INFORMATION>
# # #

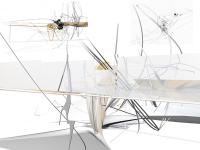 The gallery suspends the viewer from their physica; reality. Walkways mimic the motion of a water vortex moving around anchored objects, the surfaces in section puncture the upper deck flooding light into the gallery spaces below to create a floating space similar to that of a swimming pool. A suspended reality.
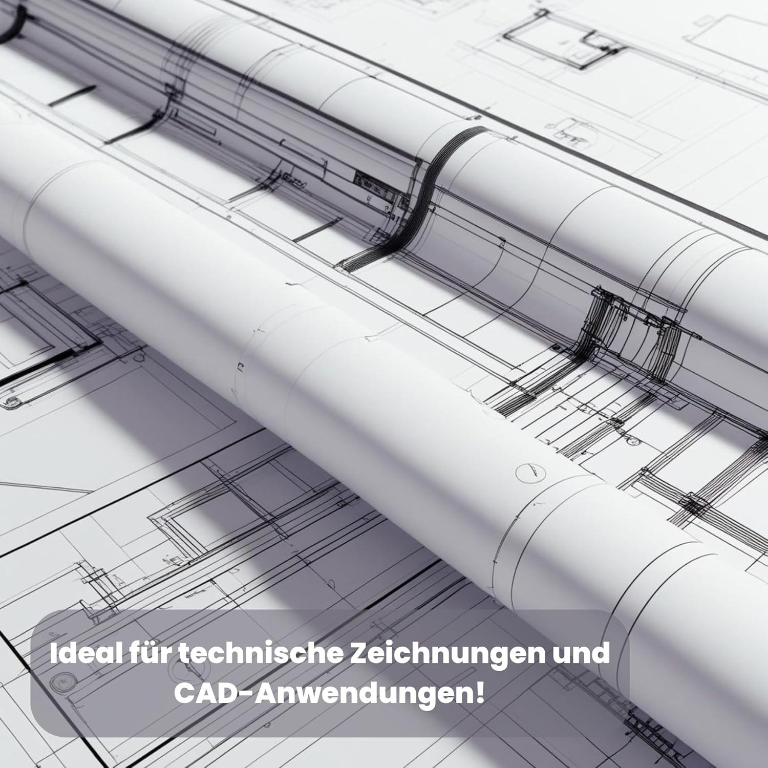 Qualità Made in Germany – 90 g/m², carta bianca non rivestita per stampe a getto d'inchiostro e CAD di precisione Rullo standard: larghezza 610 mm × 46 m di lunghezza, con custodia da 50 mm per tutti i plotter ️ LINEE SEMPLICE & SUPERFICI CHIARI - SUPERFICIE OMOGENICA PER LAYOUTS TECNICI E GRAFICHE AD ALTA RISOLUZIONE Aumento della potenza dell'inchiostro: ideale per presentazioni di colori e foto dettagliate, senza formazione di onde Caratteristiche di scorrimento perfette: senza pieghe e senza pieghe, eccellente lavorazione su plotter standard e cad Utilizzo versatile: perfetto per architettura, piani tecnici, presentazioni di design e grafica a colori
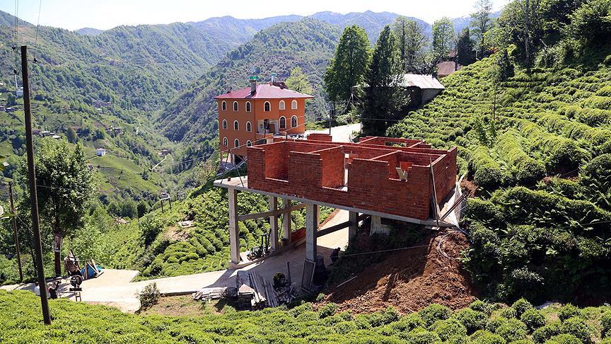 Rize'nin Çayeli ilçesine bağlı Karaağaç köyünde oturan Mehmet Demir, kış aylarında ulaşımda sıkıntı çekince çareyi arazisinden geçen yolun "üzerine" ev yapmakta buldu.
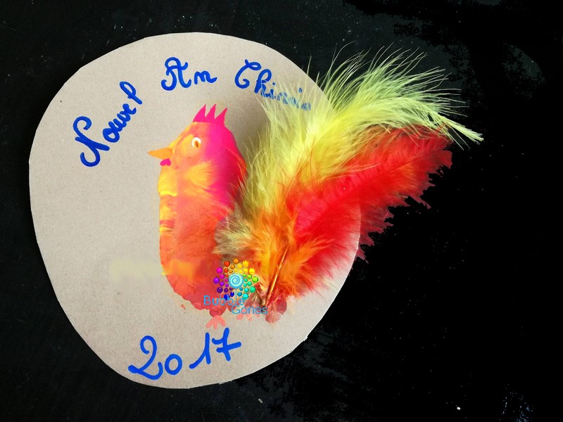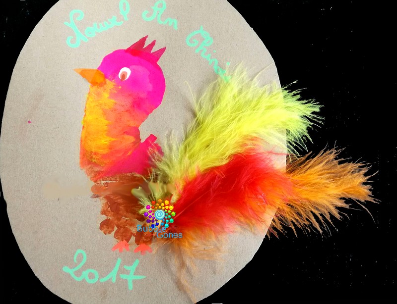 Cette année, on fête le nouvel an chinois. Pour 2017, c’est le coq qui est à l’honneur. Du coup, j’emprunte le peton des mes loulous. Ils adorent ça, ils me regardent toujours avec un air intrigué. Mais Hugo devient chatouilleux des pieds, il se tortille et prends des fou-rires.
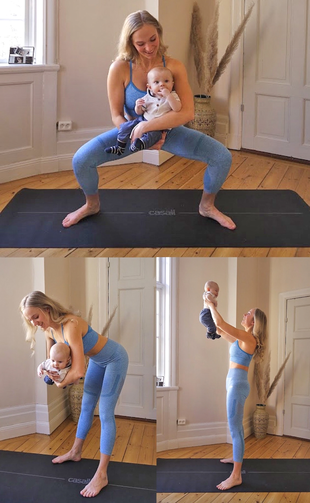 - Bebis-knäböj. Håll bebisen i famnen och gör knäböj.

# # #

ACTION ITEM> Transcribe the records above exactly, omitting every picture they contain.

ANSWER BOX>
 The gallery suspends the viewer from their physica; reality. Walkways mimic the motion of a water vortex moving around anchored objects, the surfaces in section puncture the upper deck flooding light into the gallery spaces below to create a floating space similar to that of a swimming pool. A suspended reality.
 Qualità Made in Germany – 90 g/m², carta bianca non rivestita per stampe a getto d'inchiostro e CAD di precisione Rullo standard: larghezza 610 mm × 46 m di lunghezza, con custodia da 50 mm per tutti i plotter ️ LINEE SEMPLICE & SUPERFICI CHIARI - SUPERFICIE OMOGENICA PER LAYOUTS TECNICI E GRAFICHE AD ALTA RISOLUZIONE Aumento della potenza dell'inchiostro: ideale per presentazioni di colori e foto dettagliate, senza formazione di onde Caratteristiche di scorrimento perfette: senza pieghe e senza pieghe, eccellente lavorazione su plotter standard e cad Utilizzo versatile: perfetto per architettura, piani tecnici, presentazioni di design e grafica a colori
 Rize'nin Çayeli ilçesine bağlı Karaağaç köyünde oturan Mehmet Demir, kış aylarında ulaşımda sıkıntı çekince çareyi arazisinden geçen yolun "üzerine" ev yapmakta buldu.
 Cette année, on fête le nouvel an chinois. Pour 2017, c’est le coq qui est à l’honneur. Du coup, j’emprunte le peton des mes loulous. Ils adorent ça, ils me regardent toujours avec un air intrigué. Mais Hugo devient chatouilleux des pieds, il se tortille et prends des fou-rires.
 - Bebis-knäböj. Håll bebisen i famnen och gör knäböj.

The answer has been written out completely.